Thirteen years ago the Kyoto Protocol attempted to limit emissions of six types of greenhouse gases; these are carbon dioxide, methane, nitrous oxide, hydrofluorocarbons, perfluorocarbons and sulphur hexafluoride. You can see the effect of these if you put “Global Warming Potential Index” into the search facility that good folk at WordPress have kindly provided near the top of this web page.
There are other greenhouse gases, which have only fairly recently been found to have heat trapping qualities. These are not covered by any international treaty. The most damaging of the greenhouse gases unaffected by Kyoto is nitrogen trifluoride (NF3), which looks set to become a rapidly growing greenhouse gas problem.
You might be relieved that this obscure chemical is not an ingredient in any of the cleaning products is not under your kitchen sink or in your garage or workshop, but it is cleaning agent: nitrogen trifluoride is mainly used in equipment cleaning, but also as a plasma etchant for thin-film liquid crystal displays and thin-film photovoltaics.

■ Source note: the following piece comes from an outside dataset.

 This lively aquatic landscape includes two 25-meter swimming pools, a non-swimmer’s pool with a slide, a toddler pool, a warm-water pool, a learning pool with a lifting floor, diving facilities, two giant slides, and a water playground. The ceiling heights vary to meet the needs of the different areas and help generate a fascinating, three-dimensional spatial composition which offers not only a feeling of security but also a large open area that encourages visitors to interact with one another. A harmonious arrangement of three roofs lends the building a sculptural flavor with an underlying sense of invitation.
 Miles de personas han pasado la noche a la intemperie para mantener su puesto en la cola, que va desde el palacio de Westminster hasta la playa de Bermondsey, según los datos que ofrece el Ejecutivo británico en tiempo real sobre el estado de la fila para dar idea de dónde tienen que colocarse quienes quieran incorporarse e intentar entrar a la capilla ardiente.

Ironically, thin film photovoltaics, designed to avoid emissions produced by fossil fuel burning may end up causing just as bad a greenhouse effect as carbon dioxide does unless the use of nitrogen trifluoride is properly controlled, or better still an alternative is found which does not damage the environment.
Nitrogen trifluoride is also widely used in electronics. If you have cellular telephone, an MP3 player and a flat screen television or a computer, or anything else that contains semiconductors the nitrogen trifluoride will have almost certainly been used in its production. The production of semiconductors across the world is a massive industry. Semiconductors are usually made of silicon, a very common element and work devices such as flat screen televisions by allowing electronic conduction in a solid state.

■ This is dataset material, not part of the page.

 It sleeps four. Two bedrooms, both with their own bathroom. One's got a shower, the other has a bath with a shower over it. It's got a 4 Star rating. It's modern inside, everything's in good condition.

Solid state electronics manipulate current to create the messages that cause the letters of my the words to appear on my screen when I hit my keyboard as I type this post. Nitrogen trifluoride has been used to enable me to write these essay that can be read virtually anywhere in the world (and they seem to be) as well as to enable the readers to read my essays.
Nitrogen trifluoride was first introduced in the semiconductor industry as an alternative to the perfluorocarbon (C2F6) which has an atmospheric lifetime of 10,000 years and is about 9,000 times more powerful a greenhouse gas than carbon dioxide. Fortunately for everyone perfluorocarbon is emitted into the atmosphere at a tiny rate, compared with the dreaded CO2.

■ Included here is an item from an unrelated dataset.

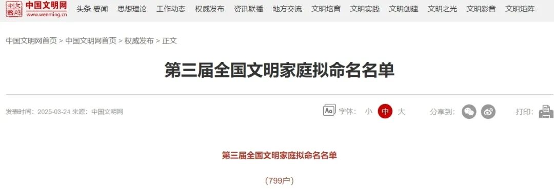 入选第三届全国文明家庭拟命名名单
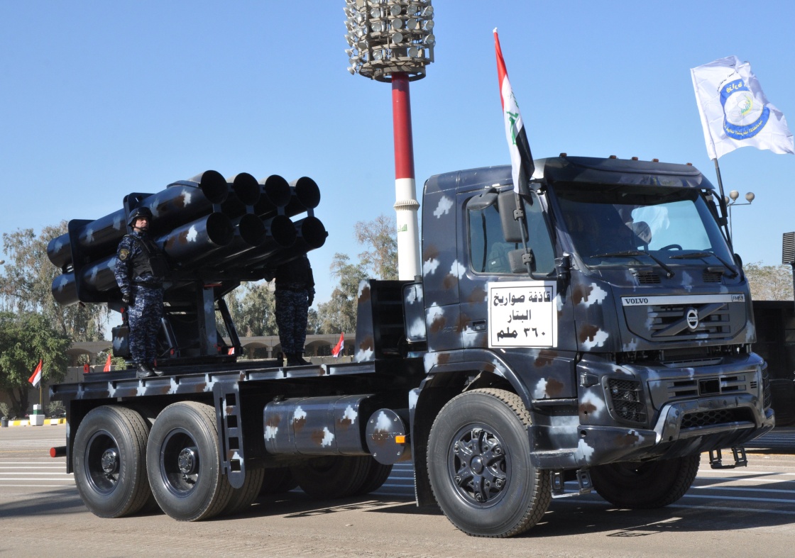 在伊拉克巴格达“绿区”,一辆警用武装车辆通过检阅广场。

Whereas the 100 year global warming potential of carbon dioxide is 1, the 100-year global warming potential of Nitrogen trifluoride is 16,800. Its shelf life – the “best before date” or rather the “worst before date” is 550 years compared with 100 years for carbon dioxide.
Increasing demand saw worldwide production of nitrogen trifluoride rise by about 50% from 2008 to 2007 and the signs are that it continues to rise. Of course, manufacturers and users of nitrogen trifluoride do try not to waste any or allow any to escape into the atmosphere. However it is startling to learn from Michael Prather’s work that if all the nitrogen trifluoride produced this year were to be released into the atmosphere, it would have a global warming effect as severe as 67 million tonnes of carbon dioxide in the air, a small amount compared with the 7.5 billion tonnes that goes and stays in the air, without being recycled by plants and the soil and the oceans.
There is no monitoring of nitrogen trifluoride in the atmosphere. Its control is largely left to local health and safety regulations –an often under resourced inspectorate in many places. Most of the nitrogen trifluoride produced is destroyed and never reaches the atmosphere. Two studies have found that only two to three per cent of the gas escapes destruction after its use. If you rely on manufacturer’s estimates of the escape of the gas you are relying on self reporting by the very industry that benefits form the production of nitrogen trifluoride; that is not generally satisfactory for something with such a high level of danger, in terms of its shelf life and its massive global warming potential.
Mr Prather intends to monitor the levels of nitrogen trifluoride in the air. It seems odd that we need to rely on one scientist to do this and odder still that there is no international regulation of nitrogen trifluoride, but then again, no odder than the Kyoto, an inadequate mechanism to control climate change.